Born in the US to immigrant parents from China, Amy Tan grew up in the San Francisco Bay Area. At age 15, she lost her older brother and father, both to brain tumours within six months of each other. Believing they were cursed, her mother moved the family to Switzerland for several years.

Graduating with B.A. in English and Linguistics, followed by her M.A. in Linguistics, Amy worked as a language development specialist serving developmentally disabled children. She later worked as a freelance business writer, eventually exploring her talents as a novelist.

Her works mostly explore mother-daughter relationships and the Chinese American experience. Her first novel, The Joy Luck Club, a collection of sixteen related stories about the experiences of four Chinese American mother-daughter pairs, stayed on the New York Times’s best-seller list for nine months. In 1993, Tan produced and coauthored the screenplay for the critically acclaimed film version.
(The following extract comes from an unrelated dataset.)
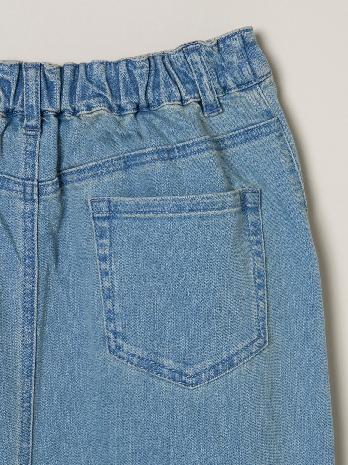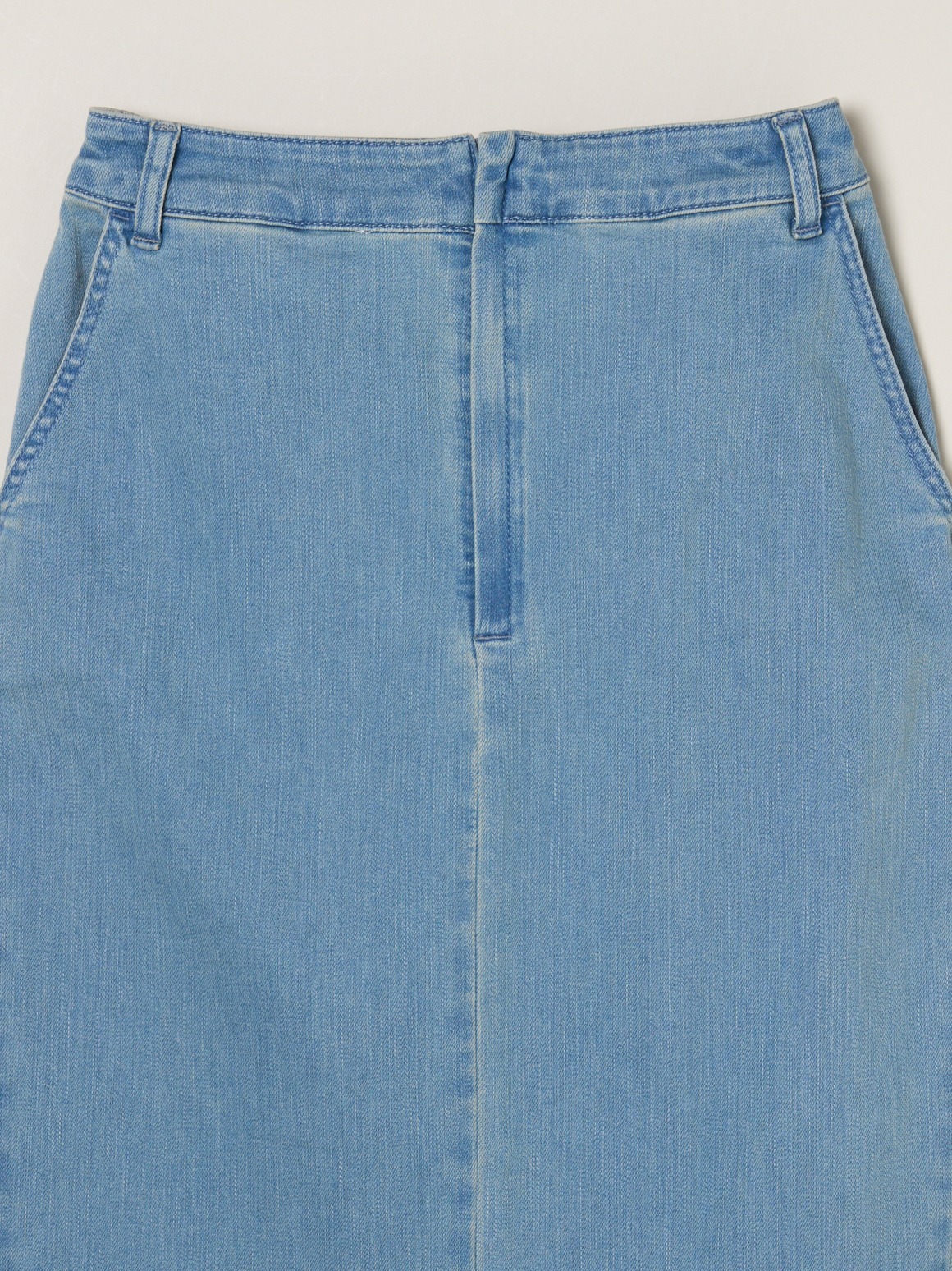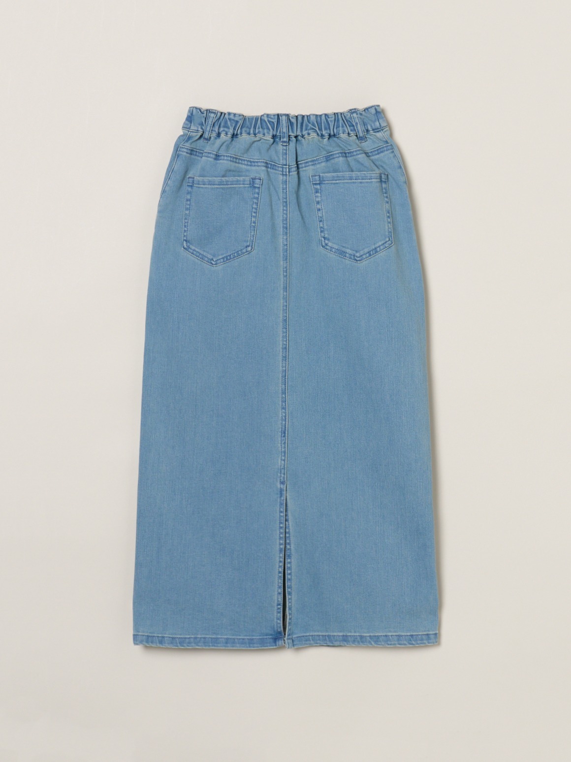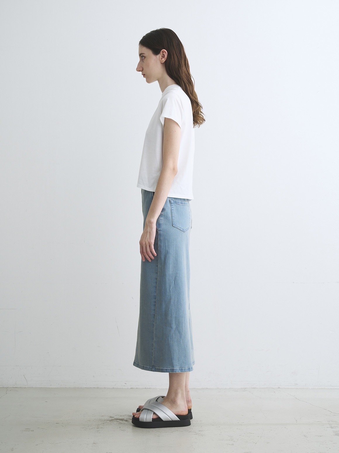 ストレッチデニムを使用したストレートシルエットのペンシルスカート。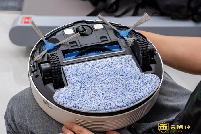 从底部来看的话,感觉扫地机也都是这样的设计,差别不大。底部的这个蓝色的中刷是可以更换的,特别针对宠物家庭设计,能高效的清除地面毛发,是一个防缠绕的软胶中刷,在清除地面毛发的时候可以有效避免被缠绕。如果毛发多的话用这个会效果更好一些。在使用前需要自己把拖布的魔术贴安装好,再把拖布安装好,这时候就可以开始下地工作了。

In 1998, Amy contracted Lyme disease, which led her to co-found LymeAid 4 Kids, which helps uninsured children pay for treatment. She lives in San Francisco and New York with her husband.

“When you read about the lives of other people, people of different circumstances or similar circumstances, you are part of their lives for that moment. You inhabit their lives, and you feel what they’re feeling, and that is compassion. If we see that reading does allow us that, we see how absolutely essential reading is.”